BEGIN Records shown
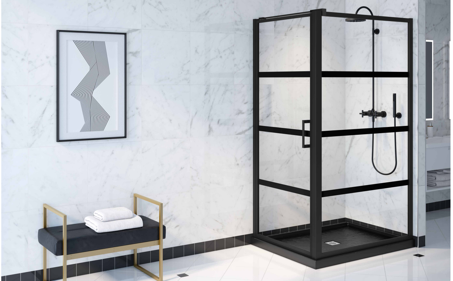
Model shown / Modèle présenté : LAPC3648-33-43-79

In & Out door with return panel / Porte Pivotante avec panneau retour
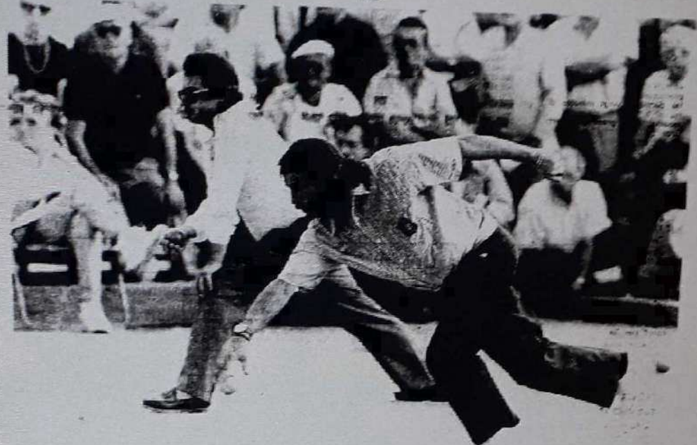
Le jeu provençal, toujours spectaculaire et très apprécié du public.

Ce sport qui persiste à conserver jeune.
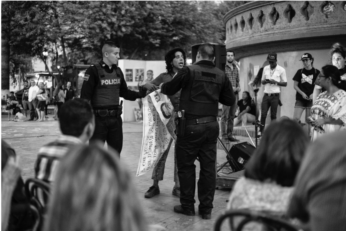
Figura 76. Momento en que dos policías interrumpen al joven de la calle para llevárselo a la patrulla. 10 de junio de 2017.
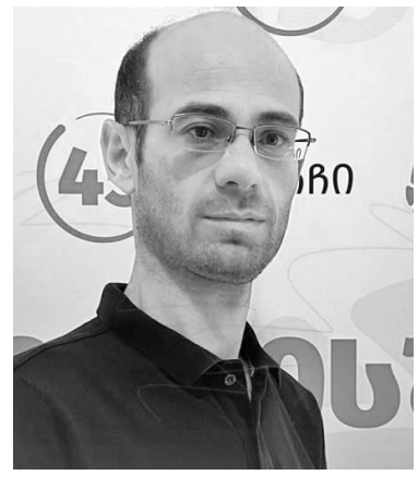
მედ ხალხის მხარდაჭერას ნიშნავდა.

ართ. ჩემი აზრით, მათი ჩამოსვლა არა მთავრობის მხარდაჭერას, არა-
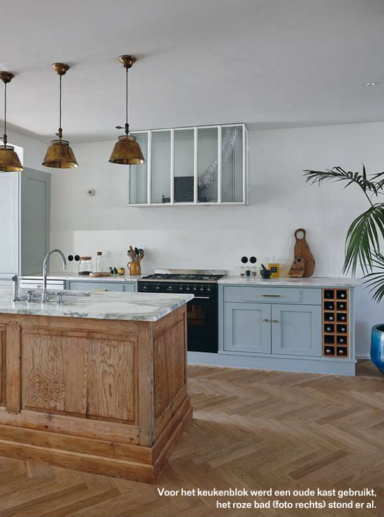
Voor het keukenblok werd een oude kast gebruikt, het roze bad (foto rechts) stond er al.
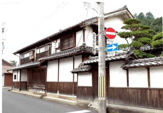
34 下村五郎助家住宅
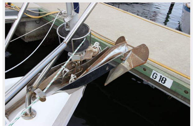
1-35lb Delta Anchor & 1-35lb CQR Plow Anchor
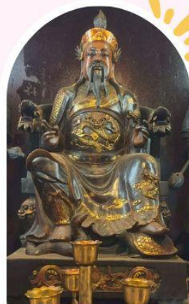
วัดกวนไท่ ความซื่อสัตย์ เงินทอง ธุรกิจมั่นคง
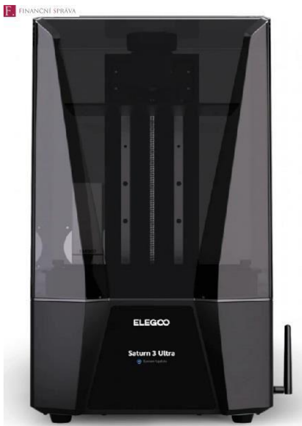
Zdroj: Ilustrační foto
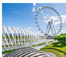
สวนสาธารณะ: OH BAY
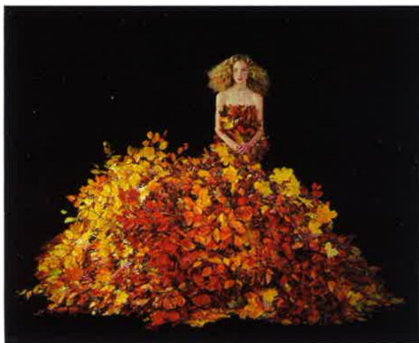
PREMIÄRVISNING. Oljemålningen över Kiev nedan är från 1985. Nathalia Edenmont gjorde den bara 14 år gammal efter att hon kommit in på en skola med konstnärlig inriktning i Kiev. "Jag minns att en lärare sprang till en annan och sa 'titta vilka färger'", säger hon. Ovan verket Essence .
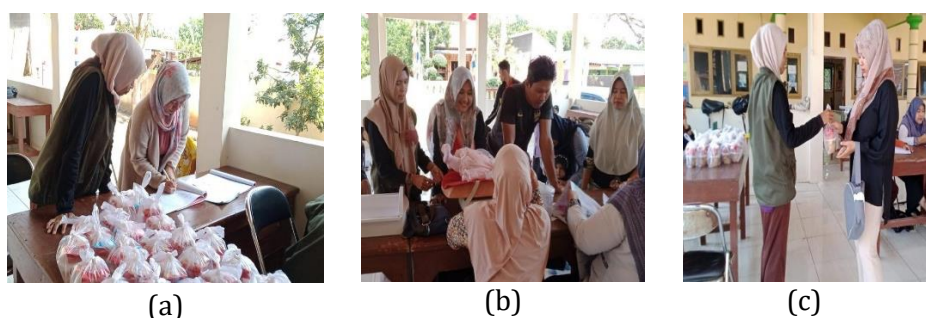
Gambar 7. Pemberian hasil inovasi (a) olahan ubi cilembu, (b) olahan singkong, (c) distribusi bahan pangan lokal untuk pembuatan PMT Posyandu

Temuan ini sejalan dengan Hara et al. (2024), yang menekankan bahwa pendampingan intensif mampu meningkatkan pengetahuan dan praktik gizi keluarga, serta keberadaan dapur hidup sebagai sumber pangan tambahan. Selain itu, pendampingan memperkuat peran kader sebagai agen perubahan gizi di desa, sesuai dengan temuan (Watini et al., 2023), serta mendukung pengembangan potensi lokal yang berkelanjutan melalui konsep bioekonomi (Nuha & Utami, 2020). Hasil ini menunjukkan bahwa kombinasi pelatihan, praktik langsung, dan pendampingan rumah tangga efektif dalam meningkatkan kapasitas keluarga serta keberlanjutan inovasi pangan lokal untuk pencegahan stunting berbasis keluarga.
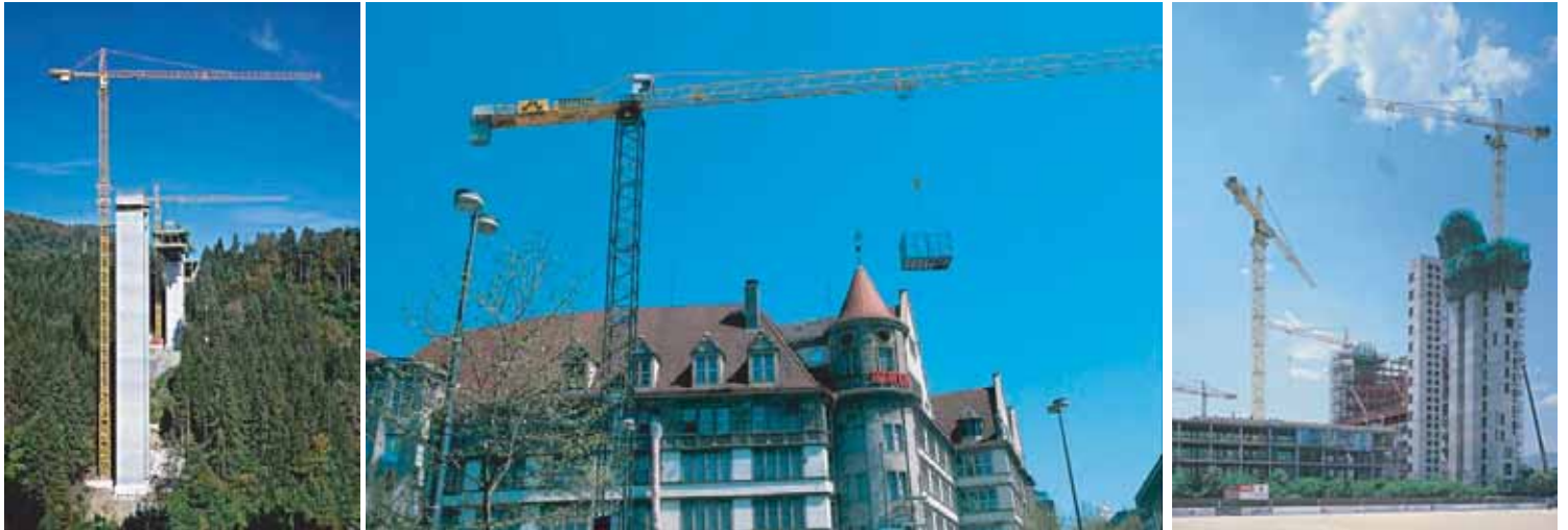
GRUES A TOUR AVEC ROTATION EN TETE DE MAT ET FLECHE HORIZONTALE
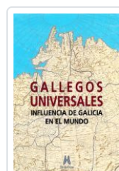
GALLEGOS UNIVERSALES VV.AA.: ALFONSO EIRE (COORD.)
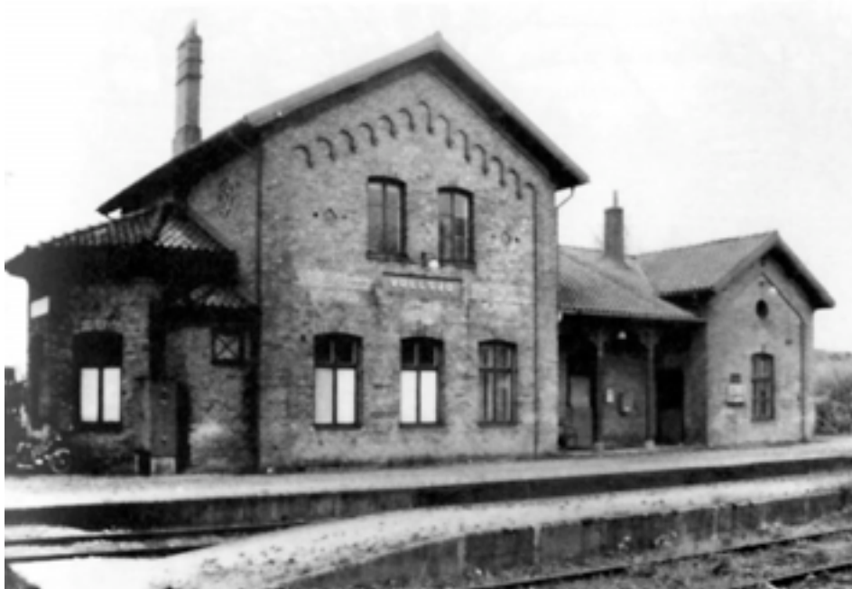
Vollsjö station -Piratens föräldrahem

Det skånska teglet fick strykande åtgång när alla järnvägsstationerna skulle byggas. Det var inga anskrämliga “miljonbyggen”, utan de utformades smakfullt med arkitektnsatser. Många har bevarats och fått annan användning när järnvägen lagts ned eller stationerna dragits in. Men Fritiof Nilsson Piratens Vollsjö kunde inte räddas undan förgängelsen.
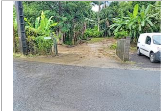
Vue depuis la route

Coordonnées WGS84 : X: -61.62968320 / Y: 16.20718930
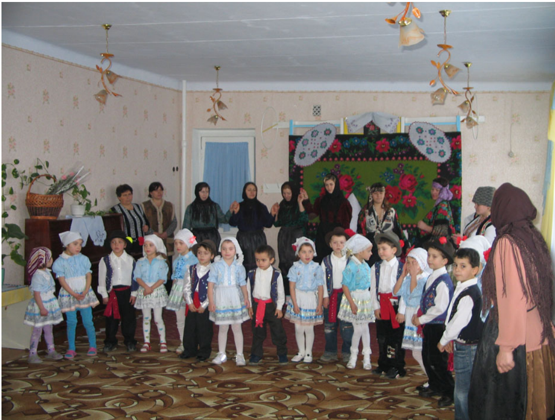
Πολιτιστικές εκδηλώσεις σε δημοτικό σχολείο - νηπιαγωγείο των Γκαγκαούζων.

Αξίζει να σημειωθεί ότι οι θεωρίες αυτές δεν υποστηρίζονται από την σύγχρονη δυτική ιστοριογραφία. Συναντώνται κυρίως στην σοβιετική, τουρκική και εν μέρει βουλγαρική βιβλιογραφία. Ειδικά η θεωρία για την καταγωγή των Γκαγκαούζων από τους Τουρανούς Πρωτοβουλγάρους απαντάται μόνον στην βουλγαρική βιβλιογραφία για συγκεκριμένους πολιτικούς λόγους.
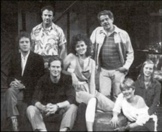
CHICAGO, 1984: William Hurt, Harvey Keitel, Christopher Walken, Sigourney Weaver...
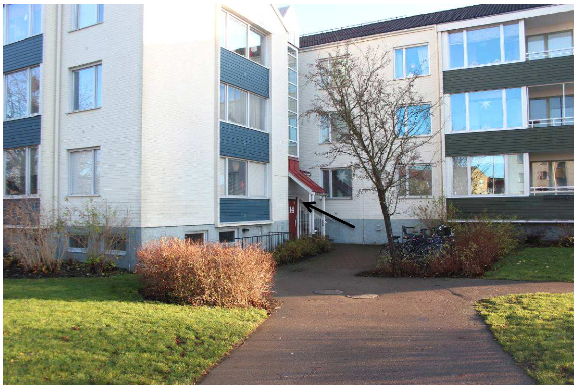
Bild 2. Södra entrén till trapphuset.
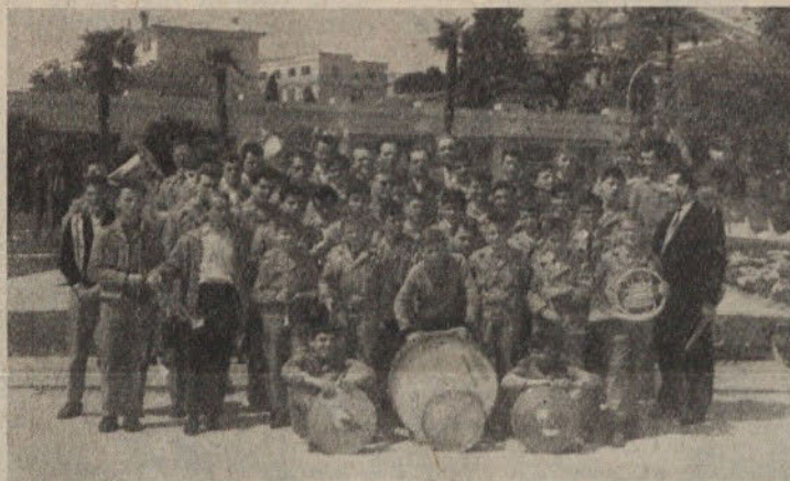
Izlet na Slovensko obalo je bil za člane mladinske godbe nepozabno doživetje

Poslovil sem se. Za menoj pa so odmevali zvoki koračnice Na juriš! — vaja se je nadaljevala s pesmijo, ki obeta, da bo godba z vztrajnim delom uspela v svojih željah, načrtih in namenih.
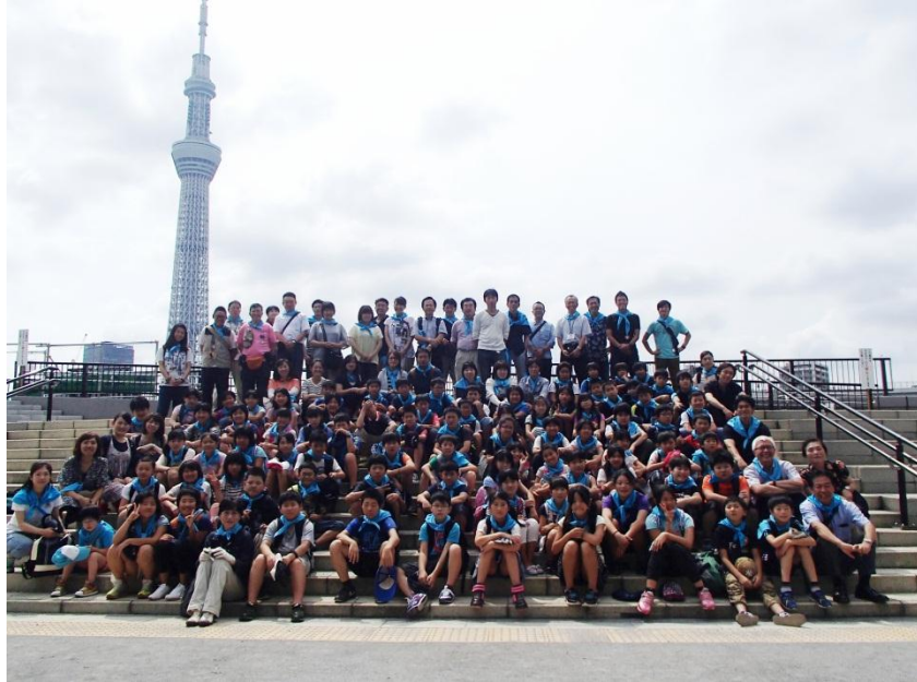
蔵王町立永野小学校の皆さんとスカイツリーをバックに

長い夏休みが終わり、元気な子供たちの姿が学校に戻ってきました。猛暑、雷雨、集中豪雨、水の事故、交通事故、不審者等、心配なことも多く、とにかく元気にまた学校に戻ってきてほしいと願う夏休みでした。
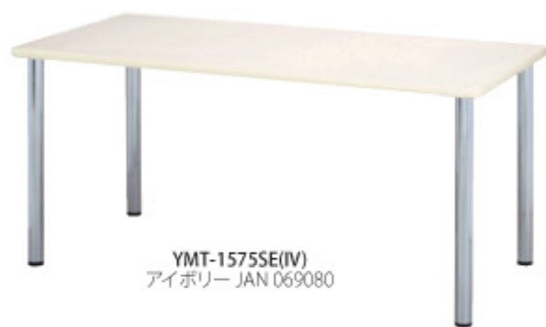
YMT-1575SE(IV) アイボリー JAN 069080
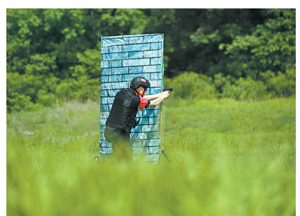
心无旁骛,弹无虚发。
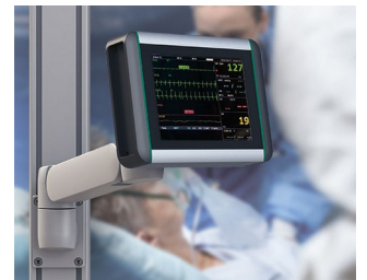
Überwachungsmonitor für Vitalfunktionen
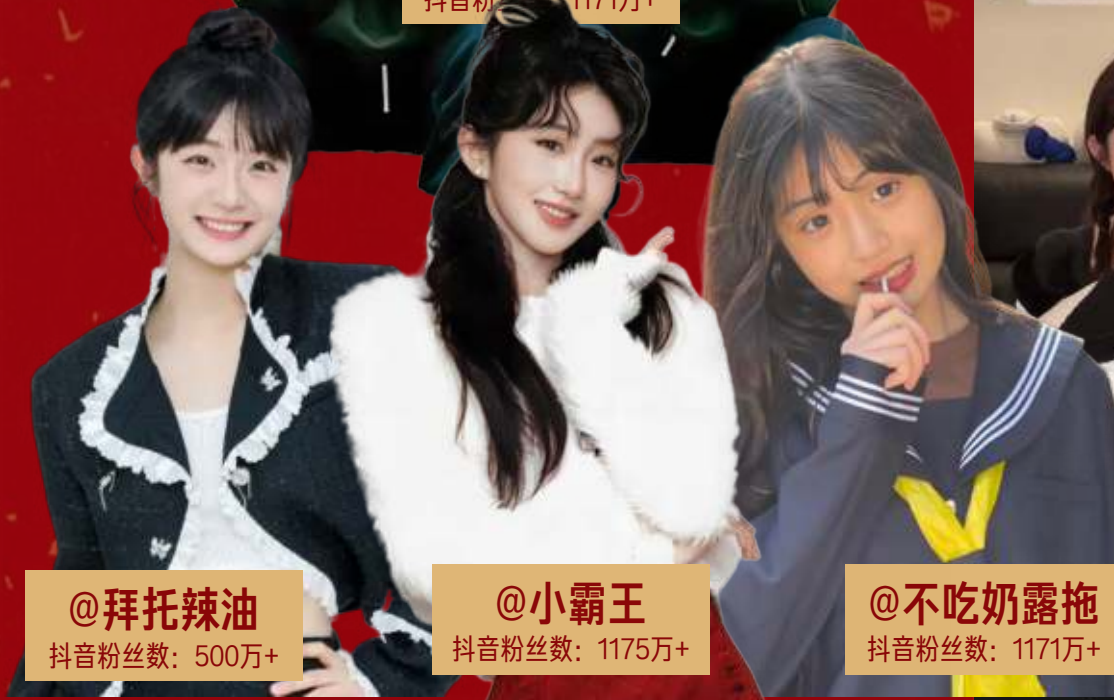
@拜托辣油 抖音粉丝数: 500万+
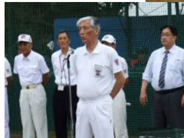
杉山銚子リトルリーグ 副会長挨拶
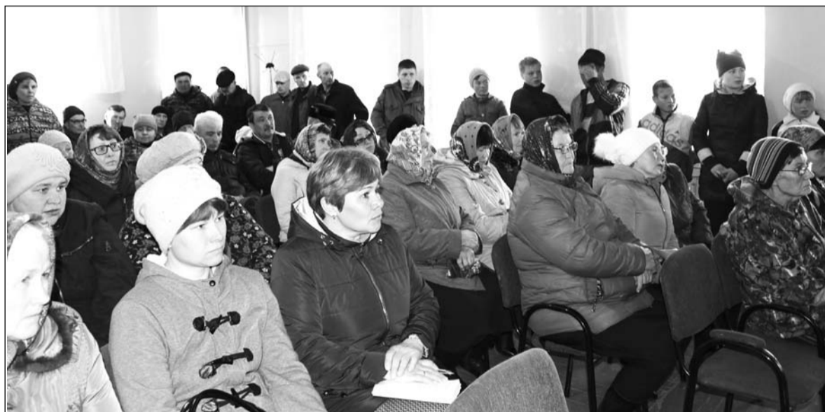
На сходе в Новосретенке

В течение апреля в сельских поселениях прошли собрания жителей. На некоторых из них нам удалось побывать.
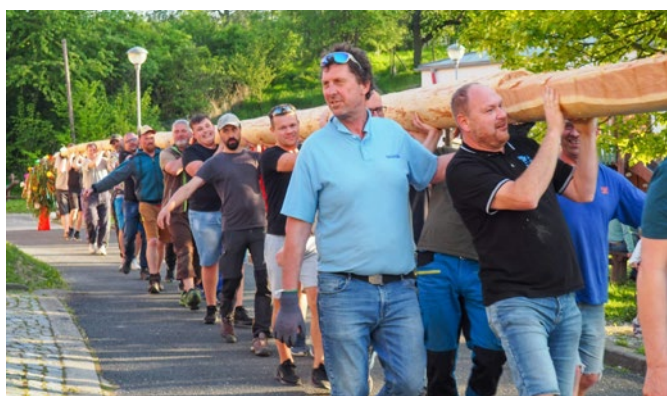
30. 4. 2024 – Stavění máje
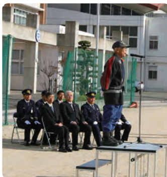
消防団長による挨拶
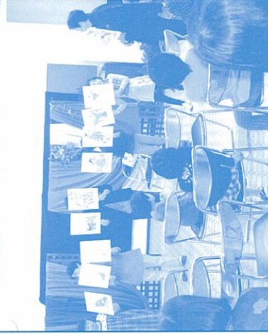
↑ 子どもたちと一緒にベアブサート
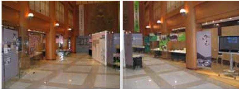
〈사진 1, 2〉 역사기록전시 당시의 전시장 전경

이에 중앙기록관에서는 한국불교역사문화기념관의 개관에 맞추어 발굴된 역사기록을 일반인에게 공개하고자 2005년 11월 14일부터 30일까지 한국불교역사문화기념관 로비에서 기록물전시회를 개최하였다. 본고에서는 중앙기록관 역사기록전시 「기록으로 보는 한국불교와 조계종」의 기획, 기록물 선별, 전시 실체에 대하여 간략히 소개하고자 한다.
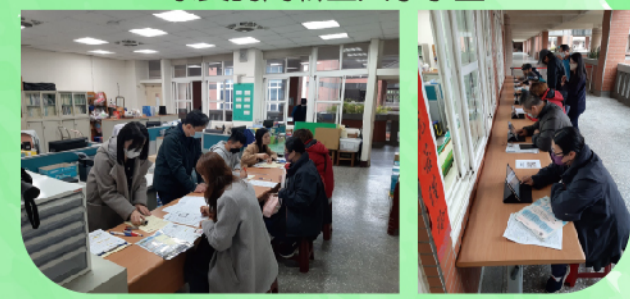
登記過程井然有序
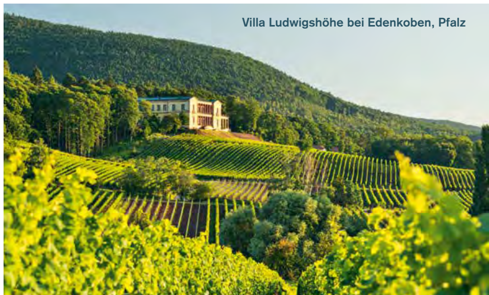
Villa Ludwigshöhe bei Edenkoben, Pfalz
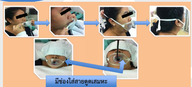
มีช่องใส่สายดูดเสมหะ
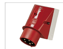
Elektrischer Anschluss 125A
END Records shown
Task requirements: Within this data, count the lines that include the string "მხარდაჭერას" and write the number with nothing else.

Task answer: 2